Sébastian Meunier presents his first menswear collection as creative director of Ann Demeulemeester, inspired by Robert Rauschenberg and Louise Bourgeois, it's all about the attitude of fabrics.
Invitations for the Ann Demeulemeester show came in perforated black and white varieties, ticking some of the most fundamental boxes in the retired founder’s aesthetic. “We wanted something beautiful in a nice space with nice people,” Sébastien Meunier told i-D after the show, echoing the charisma of the designer, whose life’s work and future legacy he’s been entrusted with. When a designer steps down but is still with us, it’s not as if you can just set a new direction for the house and lightly riff on original trademarks. Ann is still watching and so are her diehard fans, who expect to see her label carried on with the same exceptional sensibility Ann possessed as a designer. Friday at the house’s traditional show venue, Couvent des Cordeliers, Meunier did just that.

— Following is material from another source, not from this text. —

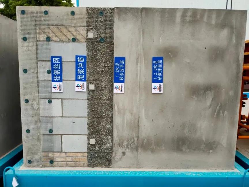 1)拍浆材料,采用PO42.5级普通硅酸盐水泥和建筑胶进行调配;并检查拍浆成型强度和毛刺感;

Brian Eno’s Passing Over set an appropriately ceremonious tone for the show, which took inspiration from Robert Rauschenberg and Louise Bourgeois in what Meunier called “the attitude of the fabrics”. The cuts seemed sharper than Ann’s and the styling more minimal and modern, but the silhouette and – more importantly – the intricacy were there. Jackets with a crumbled-up effect or transparent stripes completely captured the essence of the house, while breathtaking layered pieces with heavy floral embroidery in gold on transparent fabric felt like a tribute and something new all at once. “Ann is my DNA. She’s my mentor. I worked with her. I will continue what she did,” Meunier said after his first standalone menswear show as creative director of the house. “But of course it will evolve step by step. We have to be aware that it is modern.”